Выбрать главу

Авторы не намерены отделаться банальными рассуждениями, что-де истина находится посередине, что она не принадлежит ни антисемитам, ни юдофилам и ее надлежит установить путем тщательного исторического разыскания. Думается, в отношении погромов наиболее адекватна позиция, которую великий Лев Толстой высказал в «Войне и мире» в отношении знаменитого московского пожара 1812 г.: нет смысла обвинять л ишь французов или только русских, ибо в той ситуации Москва просто не могла не сгореть. Точно так же и в нашем случае: погромы в ходе революции были неизбежны хотя бы потому, что это была совсем не «бархатная», а кровавая революция. Они случились бы даже, не возникни в России «черная сотня». Ведь погромы происходили как задолго до ее формирования — например, на юге и востоке Украины в 1881 г., в Кишиневе и Гомеле в 1903 г., так и после исчезновения черносотенного движения с исторической сцены. Самые страшные погромы прокатились по Украине во время гражданской войны, особенно в 1919 г.

203 Степанов С. Указ. соч.
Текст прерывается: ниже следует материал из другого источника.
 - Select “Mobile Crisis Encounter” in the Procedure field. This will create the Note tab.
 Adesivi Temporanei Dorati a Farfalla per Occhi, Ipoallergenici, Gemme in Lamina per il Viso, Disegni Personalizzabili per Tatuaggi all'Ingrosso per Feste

С. 81.

204 Цит. по: Там же. С. 42.

Ключевой вопрос, почему именно евреи оказались если не единственной, то, бесспорно, главной мишенью погромного насилия. По этой теме создана колоссальная и практически неисчерпаемая историография, которая постоянно пополняется. Не претендуя на подробный анализ проблемы, хотелось бы высказать несколько обобщающих и в то же время не вполне привычных суждений о корнях и причинах русского антисемитизма.
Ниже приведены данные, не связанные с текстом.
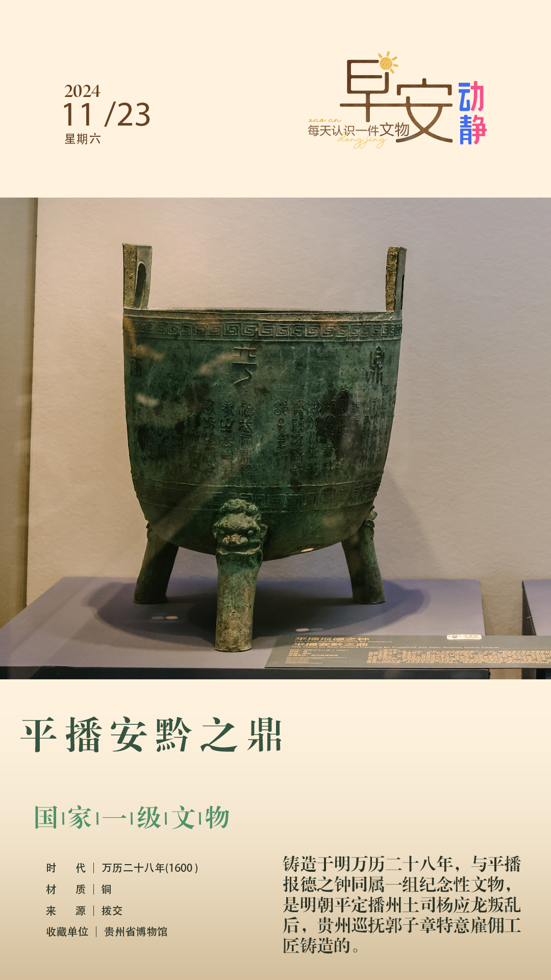 平播安黔之鼎作为明朝中央政府平定播州叛乱、加强对西南地区统治的重要象征,该鼎反映了当时的政治格局和民族关系,以及 “改土归流” 这一重要历史事件的背景和意义。它与平播报德之钟相互呼应,共同见证了明朝在西南地区的统治策略和历史变迁,对研究明朝的地方治理、民族政策以及土司制度的演变等方面具有重要的参考价值。
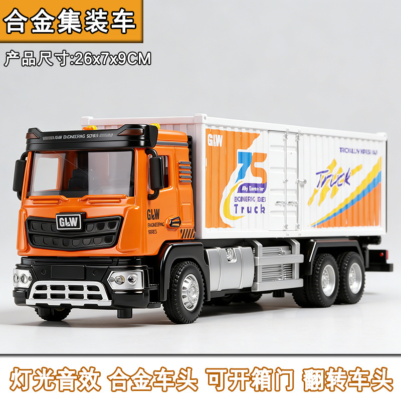 • 주황색 합금 컨테이너 트럭 (사운드 & 라이트 기능) 컬러 박스 포장, 580g
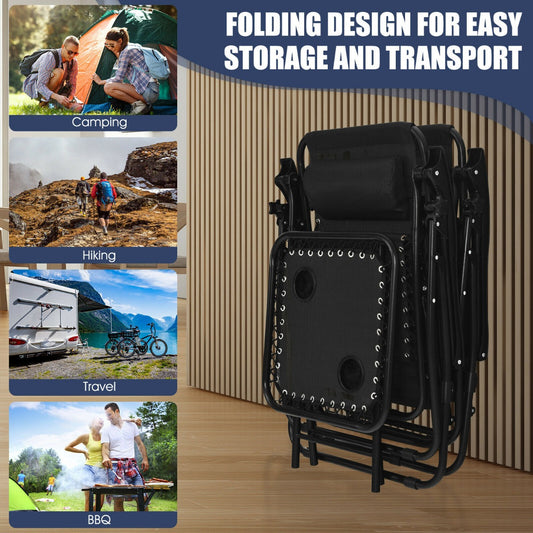 3 Pieces Zero Gravity Lounge Chair Set with Tea Table-Black
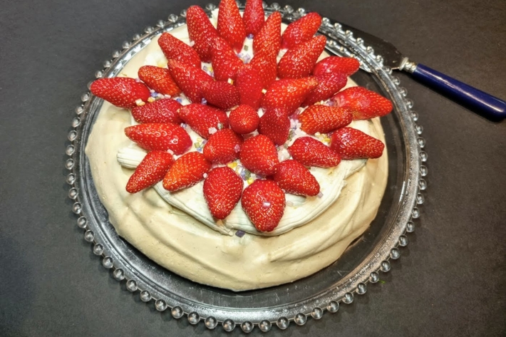 Toujours aussi dingue de meringue et de toutes ses possibilités, voici une énième pavlova dans laquelle j’ai remplacé la chantilly ou, comme je l’ai déjà fait, la crème diplomate, par un fontainebleau. La recette du fontainebleau n’étant pas déposée, elle peut varier : celle-ci, du blog de Carole, Alter Gusto, est à base de yaourt à la grecque (ou de petit suisse) et de crème fraîche.
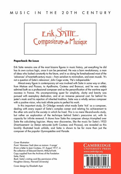 Erik Satie remains one of the most bizarre figures in music history, yet everything he did has its own curious logic, once it can be perceived. In this important new study Dr Orledge reveals what made Satie 'tick' as a composer, dealing with every aspect of Satie's complex career and relating his achievement to the other arts and to the society in which he lived. Almost every figure in contemporary art was involved with Satie in some way or another, from Matisse and Picasso to Apollinaire, Cocteau and Brancusi. This, however, is no mere life-and-works study but rather an exploration of the technique behind Satie's art, which foreshadowed most of the 'advances' of twentieth-century music from serialism to minimalism, and even muzak. As the book progresses Satie appears as far more than just the composer of the popular Gymnopédies and Parade.
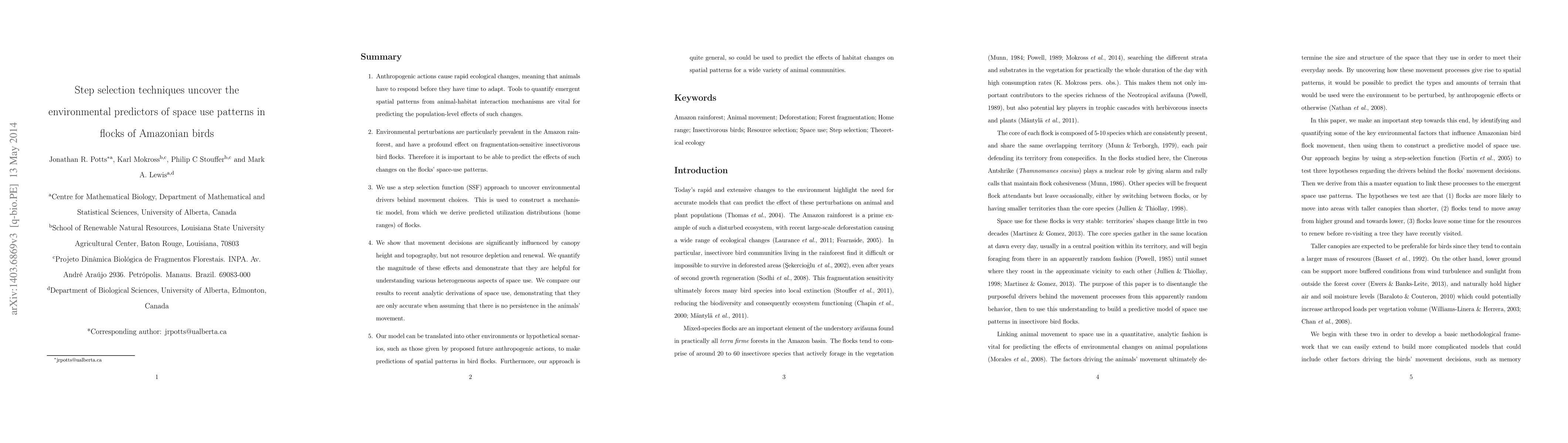 This study employs step selection function techniques to identify environmental predictors influencing the space use patterns of Amazonian bird flocks, revealing significant impacts from canopy height and topography. The findings provide a mechanistic model for predicting the spatial effects of habitat changes, which can be applied to various animal communities and future anthropogenic scenarios.
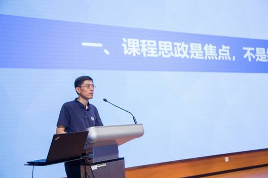 江苏省教育厅高教处邵进处长做了题为“江苏高校课程思政建设的思考与实践”的特邀报告。报告围绕课程思政建设的价值方向、课程思政建设的现实挑战、课程思政建设的实施路径三个方面展开。详细解读了江苏省教育厅近期发布的《关于深入推进全省高等学校课程思政建设的实施意见》,在全国率先建立了课程思政校级层面、院系专业层面和课程层面的三级建设指标体系,他强调课程思政建设是当前人才培养改革的热点、重点和难点,需要顶层设计、统筹规划、系统推进。
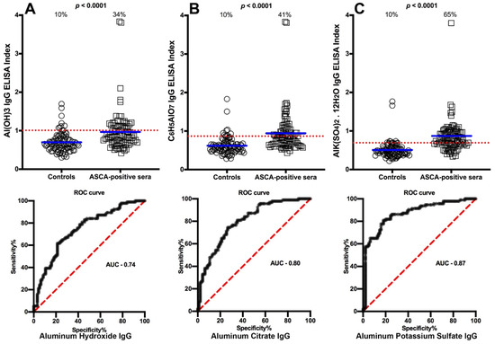 Percentages of samples with elevations in IgG antibodies against three different aluminum compounds in 94 healthy controls and 47 patients positive for ASCA (Crohn’s disease). Dotted horizontal lines indicate the cutoff for positivity used in each assay, as calculated by receiver operating characteristic (ROC) analysis. The percentages of elevation, controls vs. patients, are indicated at the top of each distribution, while the thick short horizontal full bars indicate the respective means (A) The percentage of ASCA-positive patients with elevated IgG antibodies against aluminum hydroxide was 34%, with an area under the curve (AUC) of 0.74; (B) The percentage of ASCA-positive patients with elevated IgG antibodies against aluminum citrate was 41%, with an AUC of 0.80; (C) The percentage of ASCA-positive patients with elevated IgG antibodies against aluminum potassium sulfate was 65%, with an AUC of 0.87.
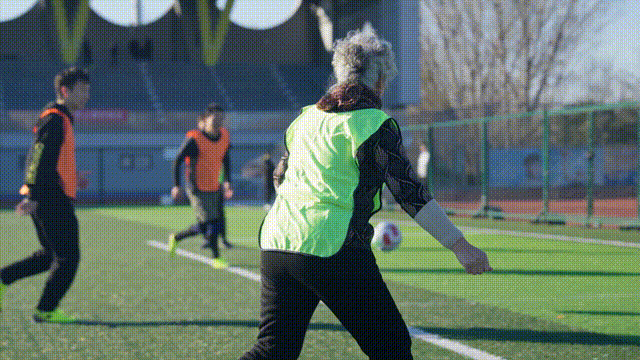 为了让奶奶们真有底、完整了解规则,作为前职业球员的马德李亲自上阵,和场上的队员们配合打了个样,一脚推射入网,轻轻松松踢进了空门。

На поверхности лежит тот очевидный факт, что евреи оказались тотально чужими — чужими по внешности, включая фенотипические признаки, манере поведения, языку, культуре и религии. Вероятно, они выглядели более чужеродными для русских, чем любая другая этническая группа империи (за исключением совсем уж экзотических, но и практических неизвестных большинству населения племен). Любая «чужая» группа потенциально содержит возможность своей негативизации. Вот как об этом пишет современный западный либеральный автор: «Как с точки зрения индивида, так и воображаемого сообщества [в виде] нации психологически очень трудно согласиться с наличием сильно отличающегося от нас "другого", одновременно признавая его основополагающее человеческое равенство и достоинство»205. Однако «чужак» не обязательно должен быть врагом, отношение к нему может быть нейтральным и даже позитивным. И хотя евреи исторически воспринимались с недоверием и подозрением, что было вызвано, в первую очередь, религиозными мотивами, в Российской империи к ним преобладало нейтральное отношение, а власть не исключала возможности их ассимиляции и предпринимала масштабные, хотя и не всегда последовательные шаги в этом направлении.
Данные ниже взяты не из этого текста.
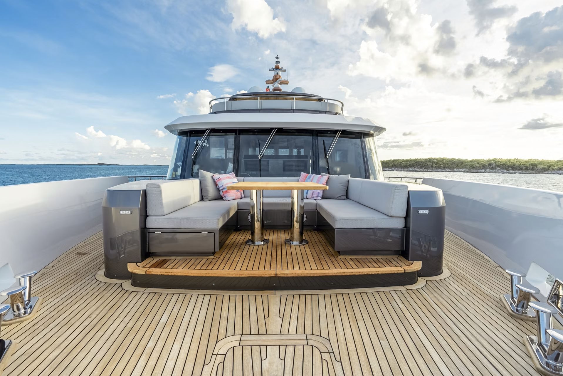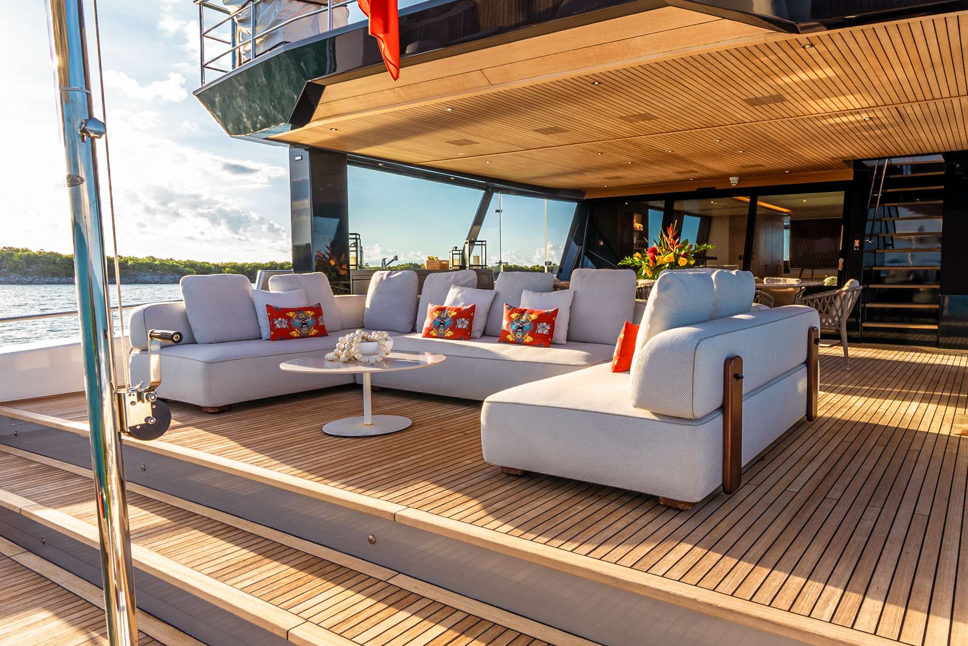 Inside, she boasts a modern and inviting interior. Her main salon features neutral-colored furniture, warm woods, and pops of color. Guests can relax in style or enjoy entertainment without compromising the stunning views through floor-to-ceiling windows. Her chic aesthetic provides a contemporary ambiance that is simultaneously comfortable and relaxing.
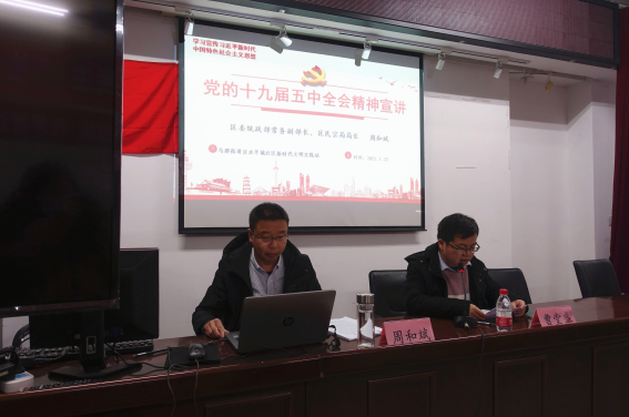 1月22日下午,南京市棲霞區(qū)委統(tǒng)戰(zhàn)部常務副部長、區(qū)民宗局局長周和斌來到馬群街道百水芊城社區(qū)宣講黨的十九屆五中全會精神,推動黨的十九屆五中全會精神深入基層、深入群眾、深入人心。

Однако в 80-е годы XIX в. стало очевидно, что в массовом и элитарном сознании происходит интенсивная негативизация образа еврея. Надежды на ассимиляцию были отставлены, евреев, подобно кочевникам, отнесли к категории «инородцев», правительственная политика в их адрес, как уже отмечалось, претерпела заметное ужесточение. На интеллектуальном уровне начала формироваться влиятельная антисемитская доктрина. Схематично можно сказать, что модус восприятия еврея-чужака сменился с нейтрального на отрицательный, еврей превратился во врага. Почему же это произошло?

205 Бенхабиб Сейла. Притязания культуры. Равенство и разнообразие в глобальную эру. М., 2003. С. 9-10.

Одной культурной дистанцией или религиозным отчуждением дело не объяснишь. Культурное различие между русскими и, скажем, аборигенными народами Сибири и Дальнего Востока вряд ли было меньше, чем между русскими и евреями. Столь же значительно оно было между русскими, с одной стороны, финнами, поляками и армянами — с другой. Тем более что эти народы, подобно евреям, рассматривались в целом как политически нелояльные. Однако только и именно евреи вызывали такой спектр негативных реакций и требование столь жестких мер в свой адрес, заслужив репутацию «главного внутреннего врага» России.

В середине XIX в. на эту роль номинировались исключительно мятежные поляки; спустя двадцать лет граф Николай Игнатьев, вступая в должность министра иностранных дел, писал в своем меморандуме (1881 г.) уже о «могущественной польско-жидовской группе»; еще через двадцать лет евреи выдвинулись в качестве главной, хотя и не единственной, внутренней угрозы. Причем, как уже обращалось внимание, «черная сотня» и симпатизировавшая ей группа элиты и интеллигенции не делала различия между евреями-иудеями и евреями-выкрестами и ассимилянтами. Еврей был опасен как еврей perse, а не потому, что он иудей, революционер или капиталист.